*THE PROBLEM*.
Transcribe word for word the lines below from the line with "Többrétegű kihúzható, 34" through the line with "Tag : Solved", ends included.

*STUDY MATERIAL*.
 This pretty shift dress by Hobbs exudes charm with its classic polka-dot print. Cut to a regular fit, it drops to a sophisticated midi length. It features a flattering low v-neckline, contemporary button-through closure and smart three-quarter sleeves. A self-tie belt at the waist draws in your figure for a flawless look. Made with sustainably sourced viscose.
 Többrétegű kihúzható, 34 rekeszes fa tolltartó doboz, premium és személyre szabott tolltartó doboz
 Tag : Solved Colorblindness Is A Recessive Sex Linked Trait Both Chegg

---

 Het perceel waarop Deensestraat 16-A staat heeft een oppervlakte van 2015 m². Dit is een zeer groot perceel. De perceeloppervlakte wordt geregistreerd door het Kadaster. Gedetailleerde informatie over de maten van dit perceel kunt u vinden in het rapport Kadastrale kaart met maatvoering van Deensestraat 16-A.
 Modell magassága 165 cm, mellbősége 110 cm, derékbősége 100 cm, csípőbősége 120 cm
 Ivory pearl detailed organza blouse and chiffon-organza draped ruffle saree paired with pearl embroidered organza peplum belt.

*EXERCISE RESPONSE*.
 Többrétegű kihúzható, 34 rekeszes fa tolltartó doboz, premium és személyre szabott tolltartó doboz
 Tag : Solved Colorblindness Is A Recessive Sex Linked Trait Both Chegg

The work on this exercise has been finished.